### Collected material
-- Opening Marker --
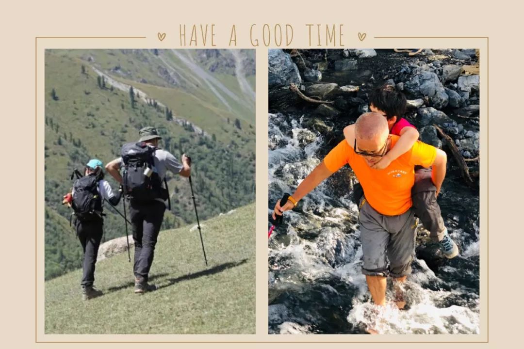 不用像走山路那样排成一列,而是三五成群,走着聊着,时不时停下来拍拍景,就要离开群山怀抱,有些不舍。此时两位小朋友应该最开心,终于即将顺利完成艰巨的挑战。此行的队伍里有两对儿父女:来自广州的一渡父女,女儿十岁,还有来自北京的老吴和他只有八岁的女儿。两个女孩儿表现不俗。八岁的小吴,一路跋山涉水,总是被父亲牵着手走在队伍前列,没听到叫一声苦。每次过河,老吴都会先脱下鞋袜趟水把背包放在对岸,再回来背女儿。对孩子既是慈父又是严师,这样成长起来的孩子应该是有爱又强大吧。
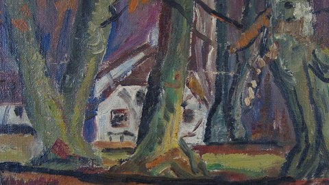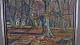 Maleri - Efterårsskov med hus.
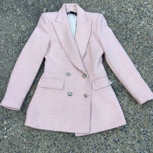 ZARA TEXTURED TWEED DOUBLE BREASTED BLAZER PINK
-- Closing Marker --
### Brief
Leaving images out, please output every line of the data exactly.

### Response
 不用像走山路那样排成一列,而是三五成群,走着聊着,时不时停下来拍拍景,就要离开群山怀抱,有些不舍。此时两位小朋友应该最开心,终于即将顺利完成艰巨的挑战。此行的队伍里有两对儿父女:来自广州的一渡父女,女儿十岁,还有来自北京的老吴和他只有八岁的女儿。两个女孩儿表现不俗。八岁的小吴,一路跋山涉水,总是被父亲牵着手走在队伍前列,没听到叫一声苦。每次过河,老吴都会先脱下鞋袜趟水把背包放在对岸,再回来背女儿。对孩子既是慈父又是严师,这样成长起来的孩子应该是有爱又强大吧。
 Maleri - Efterårsskov med hus.
 ZARA TEXTURED TWEED DOUBLE BREASTED BLAZER PINK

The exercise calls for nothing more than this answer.